During the patent reform legislative process now taking place in both houses of Congress different ways to reform the IPR system to reduce the perceived threat posed by investors such as Bass have been proposed. These include: exempting the life sciences industries from IPRs altogether, or significantly reducing their exposure to them; limiting the right to file an IPR petition to companies being sued or in other ways targeted by the relevant patent holder; and restricting the rights of those who stand to make a direct financial gain from an IPR to file one.
“We are worried about possible legislative changes, sure; but we are also focused every single day on managing the challenges that arise,” Bass said. He did expand on that, but I was reminded of something I was told when I was in Silicon Valley earlier this year along the lines of “there is no-one in the any legislator’s office who knows the patent system or is smarter than Erich Spangenberg”. In short, if obstacles are put up, IPNav’s founder has the ability and the insight to help Bass find ways round them. After all, as Bass explained to me, it was Spangenberg who identified the pharma IPR opportunity in the first place and then sold it as an idea to Bass having been introduced to him via mutual friends (the pair have homes just streets away from each other in Dallas, but had never met before last year).
It’s hard to disagree with claims that the authors of the America Invents Act did not foresee hedge funds challenging life sciences patents and that the Bass/Spangenberg actions are an unintended consequence of that legislation. But it is also undoubtedly the case that Congress mandated that any and all types of party have the right to challenge patents they feel should not have been granted. And having spoken to Bass, it is clear to me that whatever profit he ends up making from his challenges and in whatever ways he generates it, he genuinely thinks that the rights his IPR petitions have targeted were incorrectly awarded.

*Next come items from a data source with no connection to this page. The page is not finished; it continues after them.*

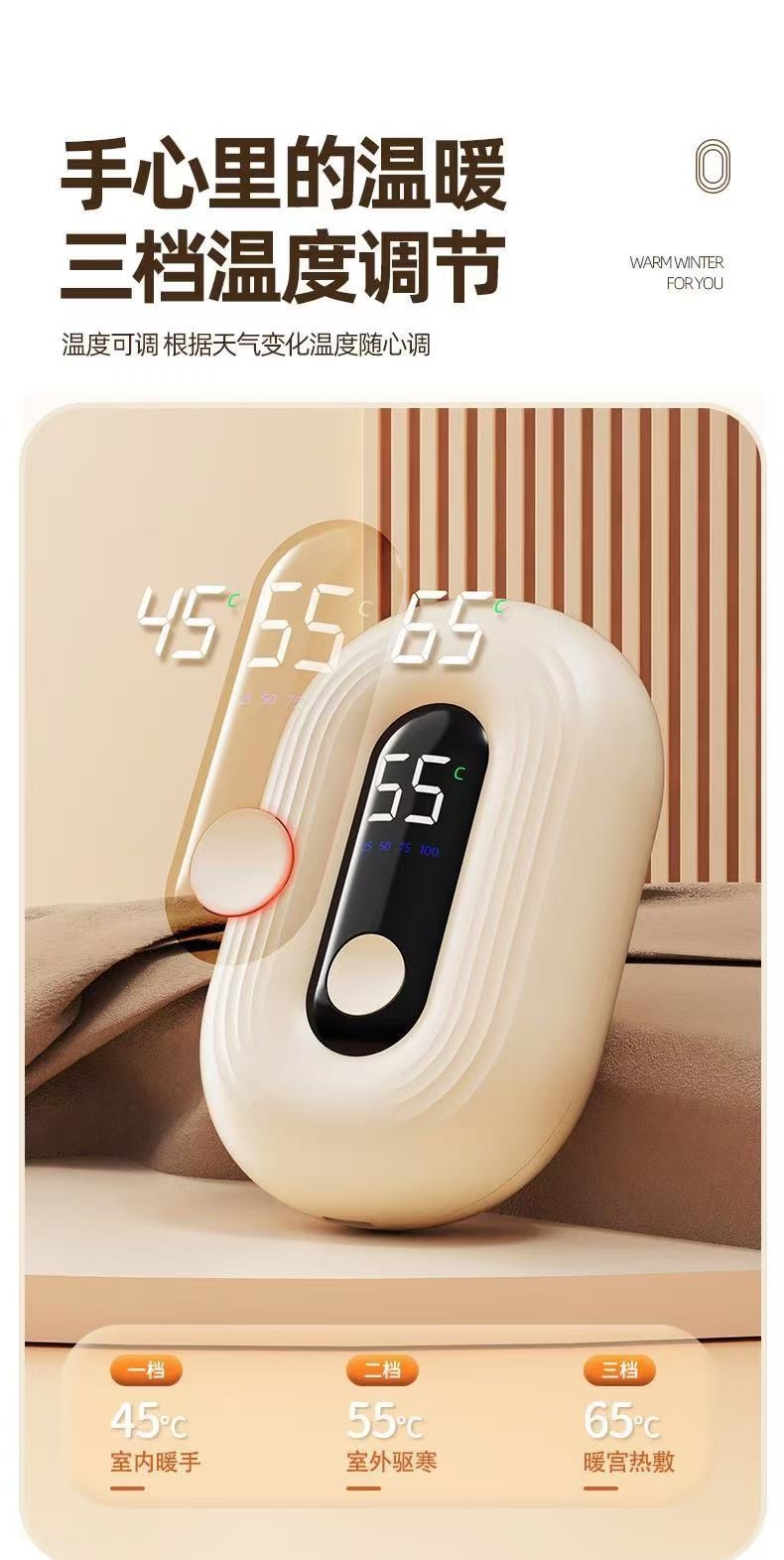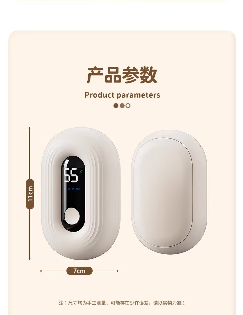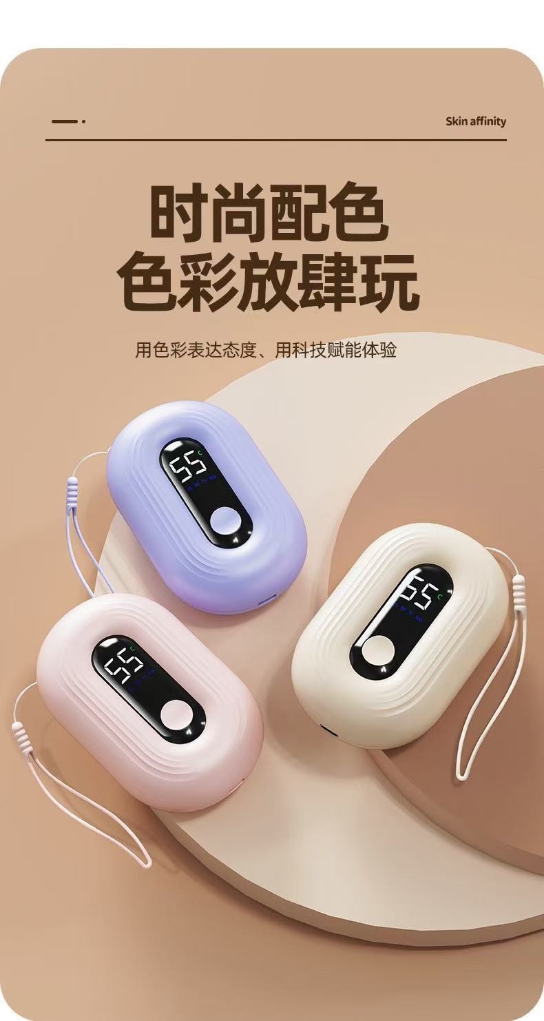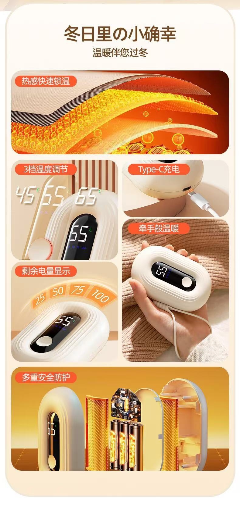 小巧便携随身掌握温暖;快速发热亲肤暖手三挡温度大屏显示屏;智能控温搭配自动过热保护元件
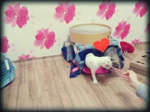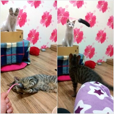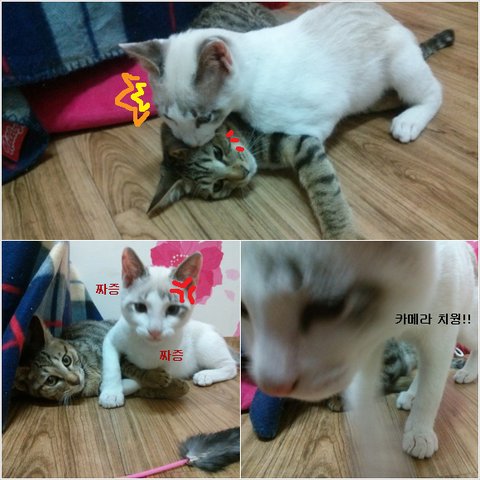 요즘 많이 발전했어요 ㅎㅎ 장난감 하나로 같이 놀기도 하고 하악질도 줄어들고!!!
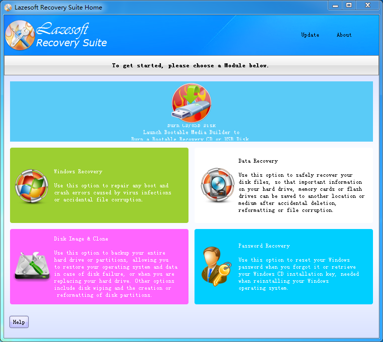 Lazesoft Recovery Suite Home 懒人数据恢复套装 是拥有千万用户的专业数据恢复产品。支持通过 CD 和 USB创建恢复介质,支持恢复数据和密码。
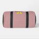 This awesome gym bag features a cartoon of a turkey with big black eyes, a small yellow beak and tail feathers sticking up. The feet are facing in opposite directions making the turkey look goofy. The turkey has pink text on its’ belly that says “Happy Thanksgiving” and it looks like the feathers have been plucked out to reveal the message.
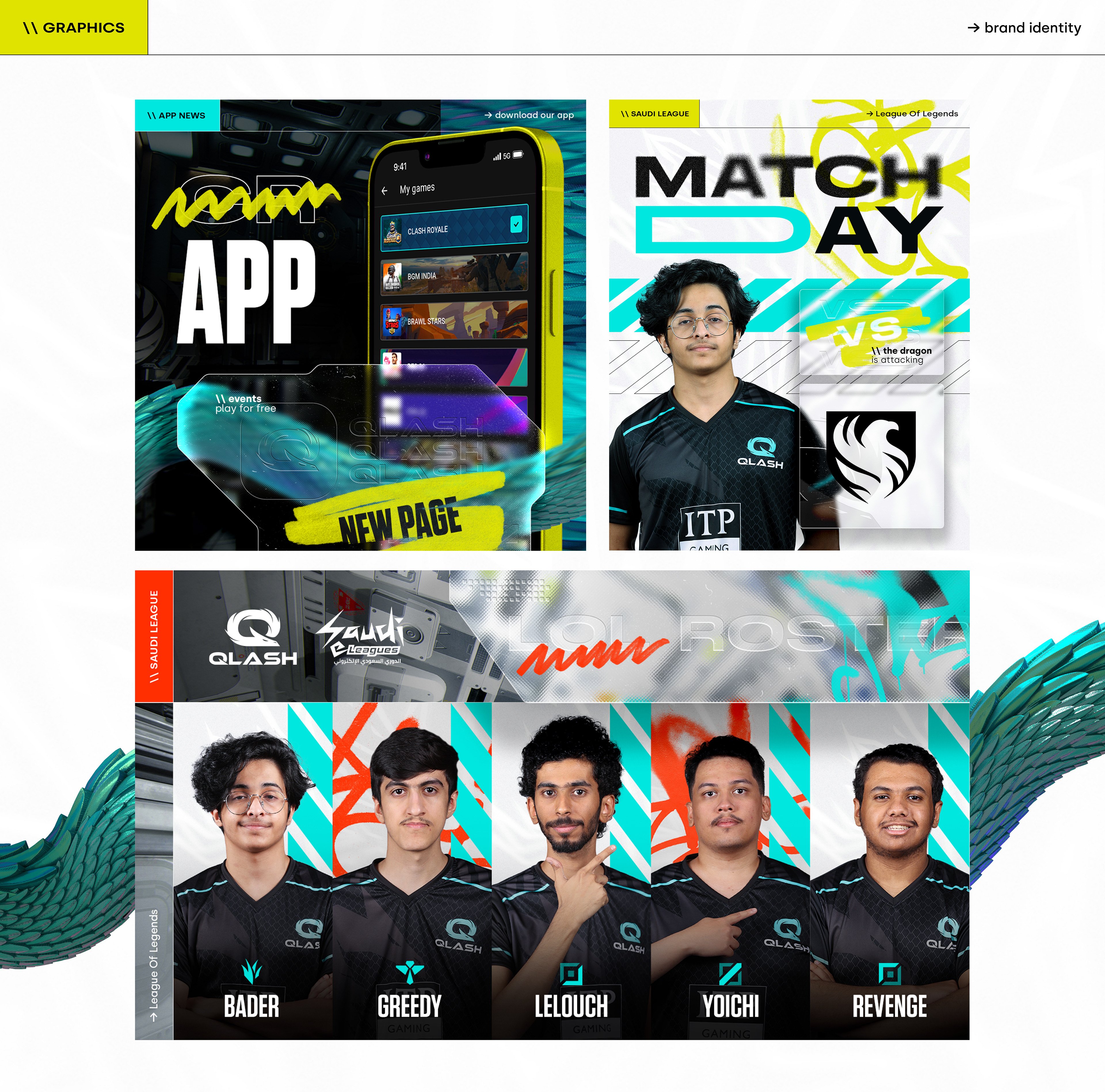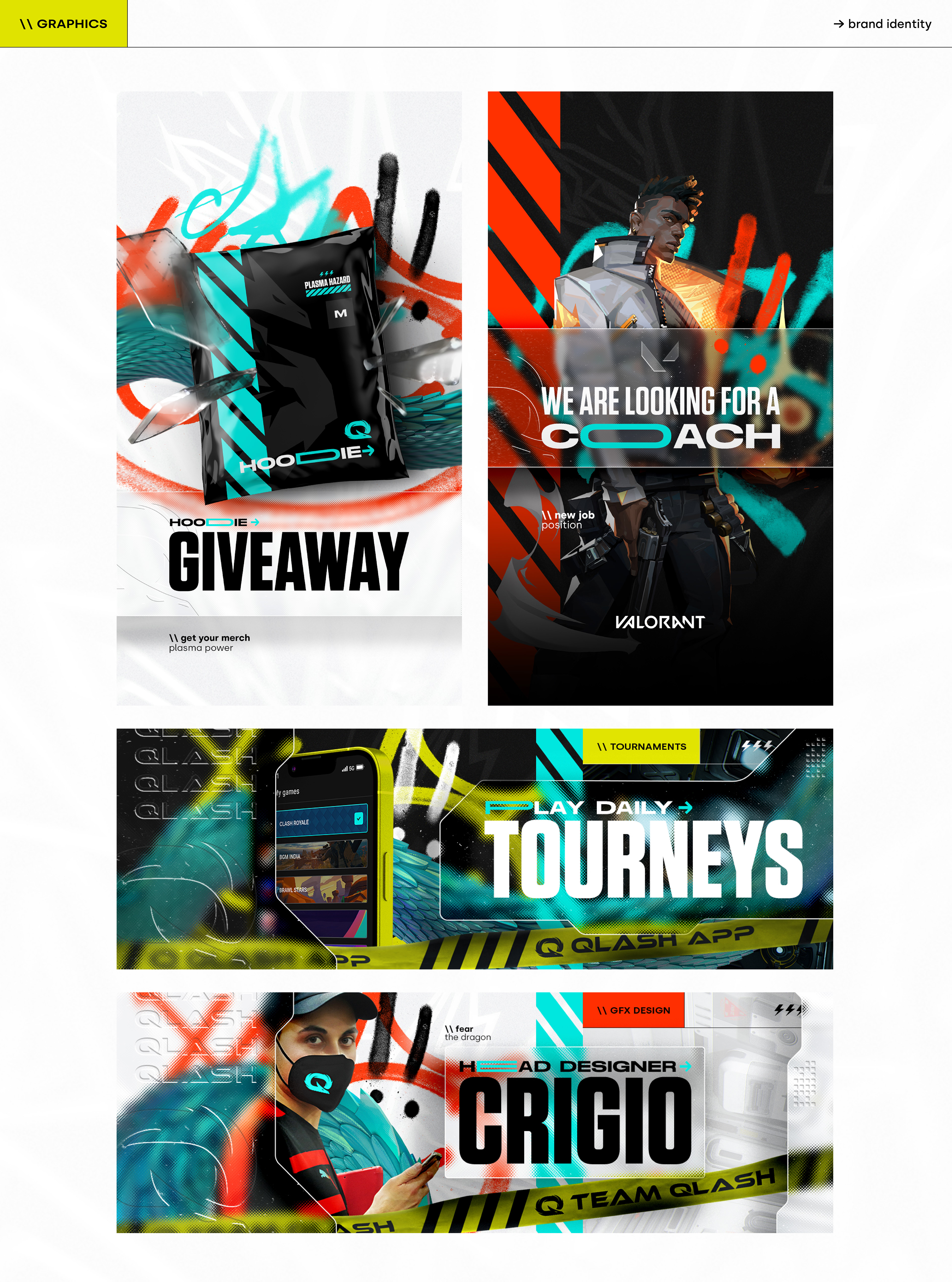 The new brand identity of Team QLASH, the most important Esports Italian team, and one of the main European teams.

This blog has given extensive coverage to how IPRs are used by Big Tech companies and other major players to issue multiple challenges to patents owned by SMEs and NPEs that have sued them, pushing up plaintiff costs and subjecting them to serial jeopardy. Bass, by contrast, has focused his sights on large companies with deep pockets that can afford to defend cases at the PTAB, even if they would prefer not to. At the end of the process, if they end up losing the patent in question then that is merely an IPR doing what it is supposed to do. Preventing or deterring someone from initiating an IPR because you do not like their business model is exactly the same as seeking to prevent someone from litigating because you do not like their business model. From where I sit, neither is the right thing to do. In the end, I suppose, you either believe in high quality patents or you don’t.